- Historic Leader: Thomas Muir
- Preceded by: Society of the Friends of the People
- Ideology: Republicanism Liberalism
- International affiliation: American Revolutionary politics, French Revolutionary Politics

= Society of the United Scotsmen =

The Society of the United Scotsmen was an organisation formed in Scotland in the late 18th century and sought widespread political reform throughout Great Britain. It grew out of previous radical movements such as the Friends of the People Society, and was inspired by the events of the French and American revolutions. Their aims were largely the same as those of the Society of the United Irishmen.

Societies of United Scotsmen had existed from the early 1790s, but it was only upon a delegation of United Irishmen arriving in Scotland to muster support for their cause that the United Scotsmen became more organised and more overtly revolutionary. The United Scotsmen were particularly adept at gaining support from the working classes of Scotland who stood to gain by becoming politically enfranchised, as the Society sought.

The aim of the Society was universal suffrage and annually elected parliaments, with a strong streak of republicanism running through it as well. By the mid-1790s the society may have had around 3,000 members.

Owing to its aims and activities the United Scotsmen had to remain a secret society, and organised themselves into cells of no more than 16 people which would send delegates to larger bodies on occasion. This way it meant the organisation was more difficult to penetrate, but it also meant that many members did not know other members of the organisation.

The society was further boosted when the Parliament passed the Militia Act 1797 which allowed for the conscription of young men into the army. This proved vastly unpopular with many ordinary Scots, and in August 1797 there were large protests across the country which were brutally suppressed, with many protesters killed (e.g. Massacre of Tranent).

The United Scotsmen hoped to get support from the Dutch as well as the French, and there were plans for the Dutch to land in Scotland with some 50,000 troops and to take over the Scottish Central Belt.

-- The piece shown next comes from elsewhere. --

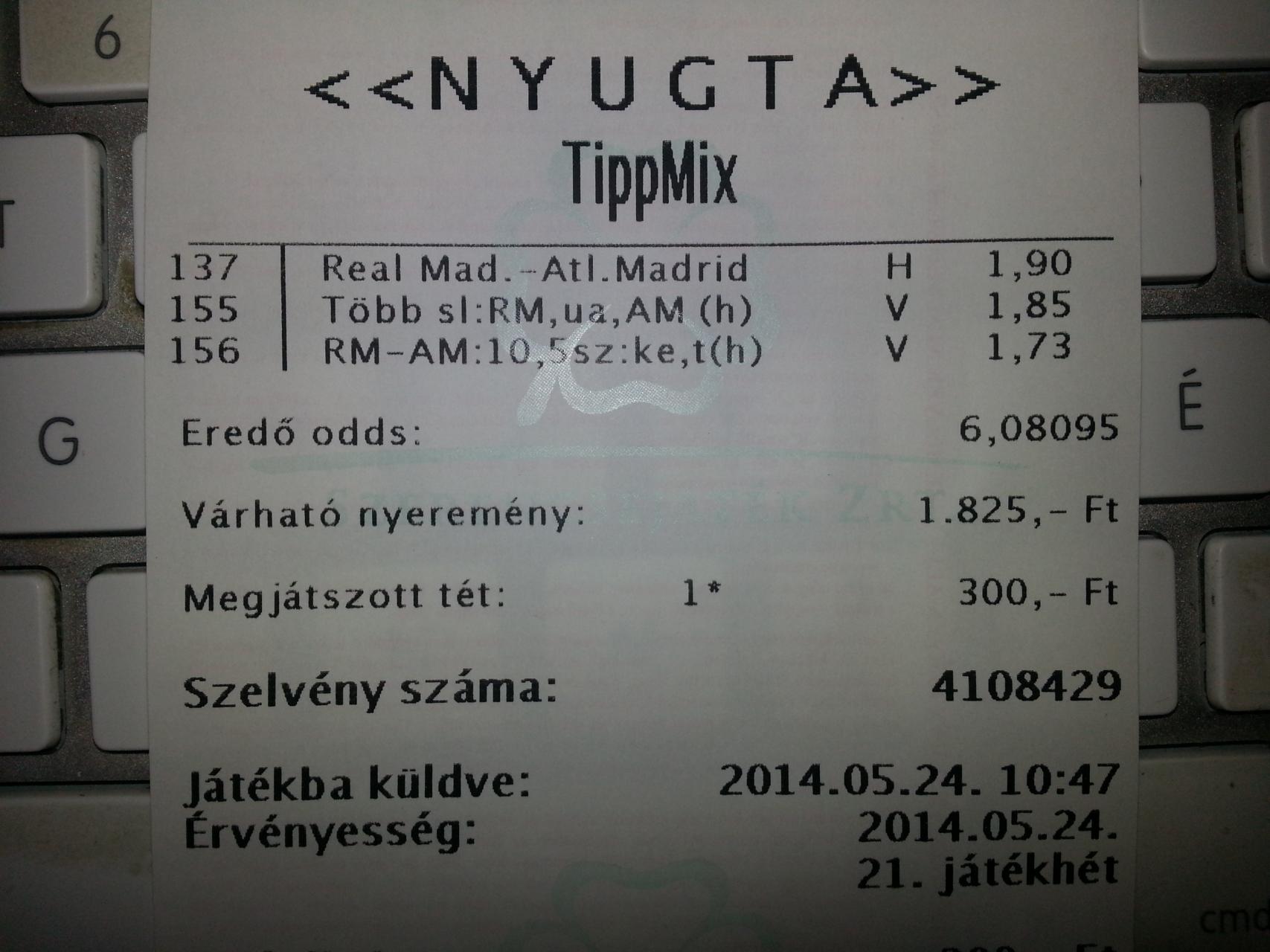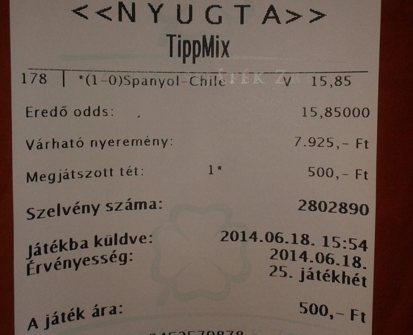 nem tudom miért nem rakom többel az ilyen megérzésket...na mindegy. félidőben ment még a kocsmáros által a beten az 1-7 és a 0-7. azon jött egy ezres, de beváltottam egy sör-SoCo kombóra.

However the Royal Navy intercepted a Dutch fleet and defeated them at the Battle of Camperdown in October 1797. Further hopes for French assistance were ruined when a French fleet was dispatched to England in the hope of encouraging English radicals (there was also a Society of the United Englishmen) to rise against His Majesty's Government. However radical activity was not as entrenched there as in Scotland, or Ireland in particular. If they had dispatched the fleet to either of these countries then they may have met with more success.

Various leaders of the United Scotsmen were arrested and tried. For example, George Mealmaker was sentenced to 14 years transportation. Other leaders such as Robert Jaffrey, David Black, James Paterson and William Maxwell were all found guilty of seditious activity. The last record of a United Scotsmen member having been tried before the courts was the trial in 1802 of Thomas Wilson. The United Scotsmen were (along with the United Irishmen) pronounced an illegal organisation and legal measures tightened up control of the press as well to halt radical activity.

However, the radical activity continued in Scotland and in 1820 there was another radical rising (one of whose leaders, James Wilson, had been a member of the United Scotsmen).